Some people may say, "even if there is a self-assigned value, I can ignore it. It's just a big deal to let the object copy itself. It won't go wrong anyway !"

He is really wrong. Check the delete in step 2. Can I copy myself after suicide? Therefore, if the auto-assigned value is found, the function should be terminated immediately.

Be sure not to check the if statement if (this = & other) of the self-assigned Value)

If (* this = other) by mistake)

(2) Step 2: Use delete to release the original memory resources. If it is not released now, there will be no chance in the future, which will cause memory leakage.

(3) Step 3: allocate new memory resources and copy strings. Note that the strlen function returns a Valid String Length, excluding the terminator '/0 '. The strcpy function is connected to '/0' and copied together.

(4) Step 4: return the reference of this object to implement chained expressions like a = B = c. Do not write the return * this error as return this. Can it be written as return other? Isn't the same effect?

No! Because we do not know the lifecycle of the parameter other.

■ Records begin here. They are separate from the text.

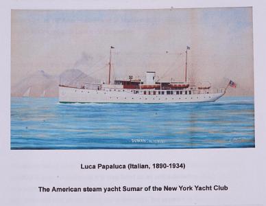 InformationLarge and rare 8-1/2 inch Chelsea "Yacht Wheel" clock purchased to be used on the yacht Sumar belonging to David C, Whitney of Detroit. The Chelsea Clock Records Register lists this clock having been sold to Tiffany and Co. on August 31, 1926. The clock is signed below the "12" on the dial "Tiffany & Co." and it is also signed Chelsea Clock Company Boston below the Slow-Fast adjustment. This Chelsea "Mariner" clock has a ship strike, with silvered face, Arabic numerals, slow/fast adjustment, double barrel key wind for the movement and strike, hinged face with a bronzed ten-spoke "ship's wheel" fitted to the casement, with supporting pedestal on a mahogany base. The number #172852 is stamper on the round movement plate and on the bottom of the wood base. (CL-580) Condition: The clock is in excellent condition. It has bee polished and lacquered in the past few years and this finish is excellent. The time and strike movement is working accurtately. There are two holes lower in the back of the base and two others on the bottom of the base that were used to screw fasten the clock into the interior of the Yacht "Sumar". Height 25, Width 20, Depth 8 1/2, Inches Note 1: The yacht Sumar was commissioned by David C. Whitney in 1926, and named after his wife, Susan Marshall Whitney. She was designed by Henry J. Gielow and built at Todd Shipyard in Brooklyn, NY. In 1927 her captain was B. Madsen and in May she was in transit from Manila to Colombo Sri Lanka via Singapore. By April 1931 the Sumar had logged 85,000 nautical miles of cruising, including a circumnavigation of the planet. She ranged from the east and west coasts of the Americas, the Mediterranean and Black Seas, the British Isles, Scandinavia, and the Caribbean. The first part of her route took her to Port of Spain, Rio, Montevideo, then to Hammerfest Norway. Her captain in 1930 was Barney. In 1931 she sailed from the Tebo yacht basin in Brooklyn to her homeport of Detroit and Lake St. Claire via the St. Lawrence Seaway. Sumar was sold to the British Navy in 1942 and became the H.M.S. Sumar, and was used in the examination service until 1944, and then sold in 1946. Her pennant number was FY1003. Note 2: Accompanying the clock is a Silver Bromide period which measures 6 ½” x 8 ½” photograph of the Sumar with a small newspaper cut out about the yacht. There is a three-page story that was copied from a book which gives a lot of information of the Yacht and provides two photos of the boat and three photos of her interior. There is also a write up about the clock and the story of the yacht and its travels on her 85,000 nautical mile circumnavigation of the globe. Printed ion color on one of the pages is a color reproduction of a watercolor portrait of the yacht painted by the Italian marine artist Luca Papaluca. Note 3: Included is a two-page list titled “Todd Shipyards Corporation, Brooklyn NY” which lists information about the eighty vessels built at the yard between 1890 and 1960. The Sumar was the 37th one delivered on September 26, 1926.
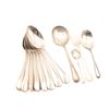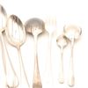 Birks “Regency Plate” silver-plated flatware service, mid-20th century, comprising approximately eleven dinner forks, ten table/oval soup spoons, a sauce or gravy ladle, a serving fork, a cream ladle and a small sugar or condiment spoon, each with plain rounded handle terminals in the minimalist “Regency Plate” pattern and stamped BIRKS REGENCY PLATE to the stems, together with the original Birks turquoise felt storage roll. Approx. 25 pieces.
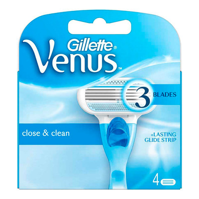 Venus glatte barberblad med beskyttende pads omgitt av 3 blader gir en jevn, tett barbering med ett enkelt strøk. Barberhode med 3 barberblader for en tett barbering. Beskyttelsesputer for en praktisk talt smertefri barbering
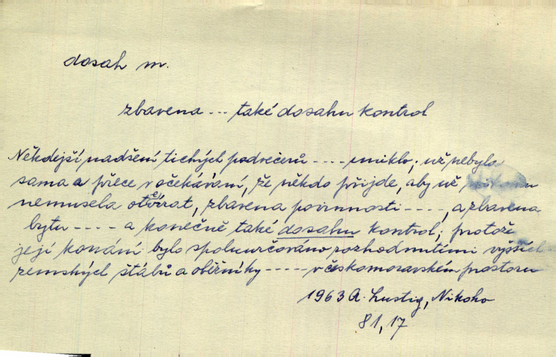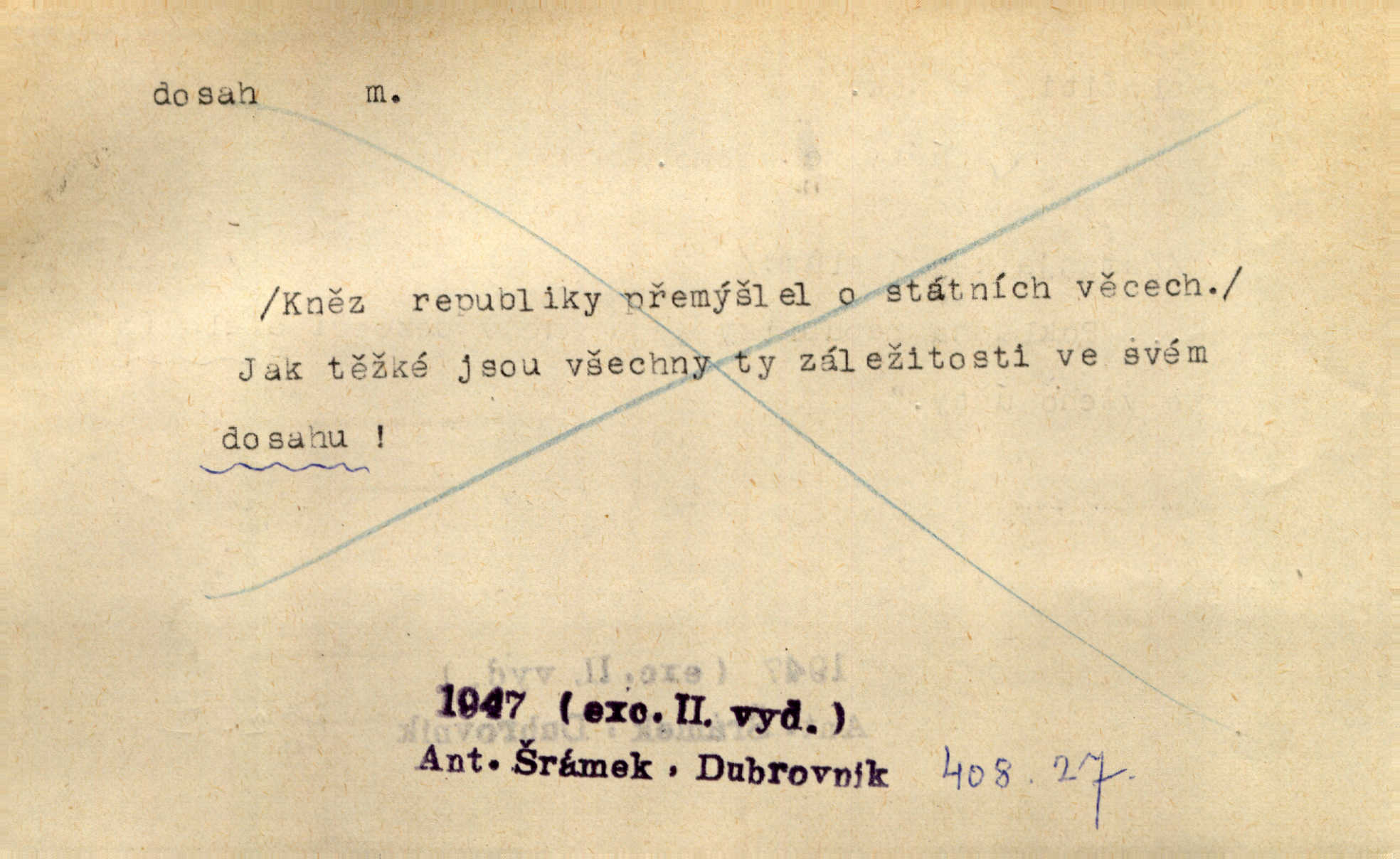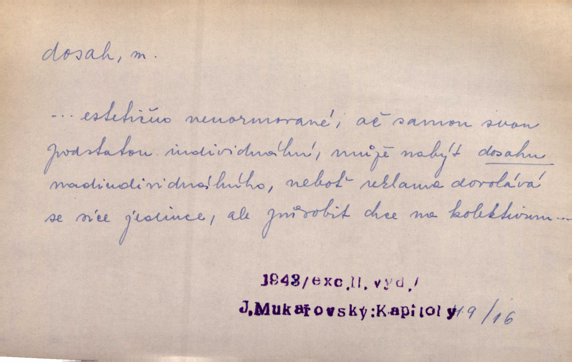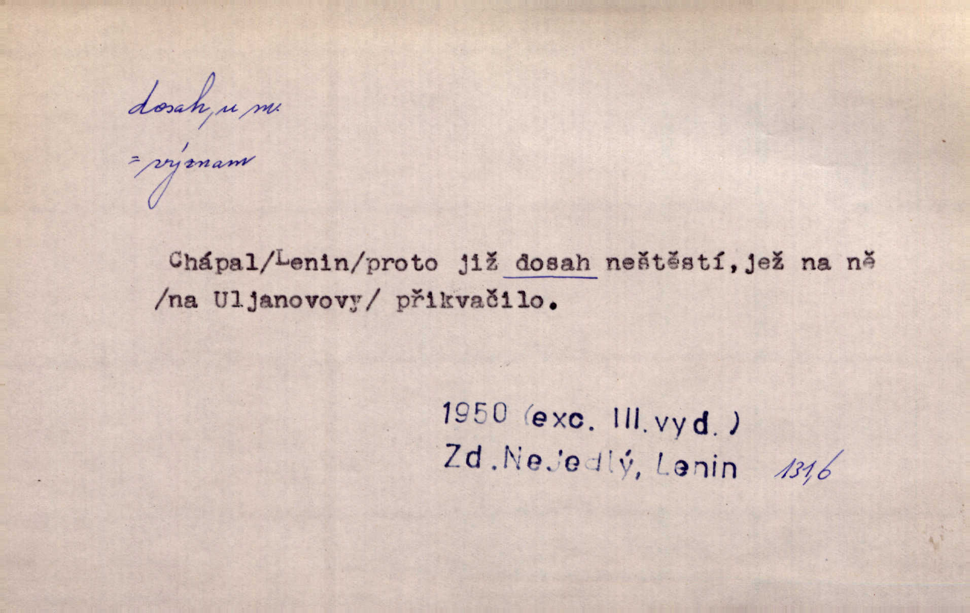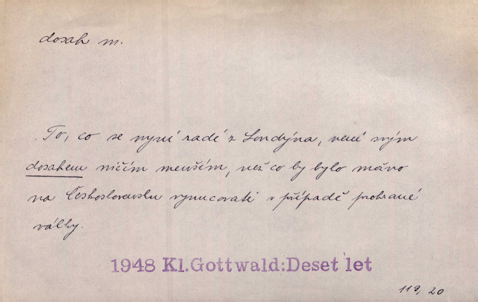 - dosah, -u m. prostor, až kam se dosáhne rukama n. jinou věcí. Stárek byl se na dosah Dvořákův přiblížil. Nov. Couvala před jeho dravýma rukama navlas na dosah. Čap. Ch. Rozdával rány všem, kdo mu přišli na dosah. Theer. Nemohl ruce oddáliti z dosahu svištící hole. Svob. Špýchar vznícením se stáje ocitl se v povážlivém dosahu dravého živlu [ohně]. Vrba. Každá kniha, jež nám byla k dosahu, šla z ruky do ruky. Krás. D okruh, až kam sahá vliv, působnost něčeho; důležitost, váha, význam. Gallas ovšem užil této příležitosti, aby z dosahu moci Valdštejnovy navždy unikl. Pekárek. Naši solisté udělali, co vůbec je v lidských silách a v dosahu umělecké možnosti. Mach. Styděl jsem se přiznat, že nechápu dosahu jeho myšlének. Staš. Nepromyslil dosah potupy, která ho stihla. Vrba. Pronáší věty dosahu filosofického věty filosofické. Vrch. Tech. dosah světlometu, anteny, radiového přijimače.

It is possible that other is a temporary object, and it disappears immediately after the assignment is complete, then return other will return garbage.

9.7 lazy solution to copy constructor and assign value function

What if we really don't want to write a copy constructor and a value assignment function, and do not allow others to use the default function generated by the compiler?

The method of laziness is to declare the copy constructor and the value assignment function as a private function without writing code.

For example:

Class

{...

Private:

A (const A & a); // private copy constructor

A & operate = (const A & a); // Private value assignment function

};

If someone tries to write the following program:

A B (a); // The private copy constructor is called.

B = a; // The private value assignment function is called.

The compiler will indicate an error because the outside world cannot operate the private function of.

9.8 how to implement the basics of a class in a derived classFunction

Constructors, destructor, and assignment functions of the base class cannot be inherited by the derived class. If there is an inheritance relationship between classes, pay attention to the following when writing the above basic functions:

The constructor of the derived class should call the constructor of the base class in its initialization table.

The destructor of the base class and the derived class should be virtual ).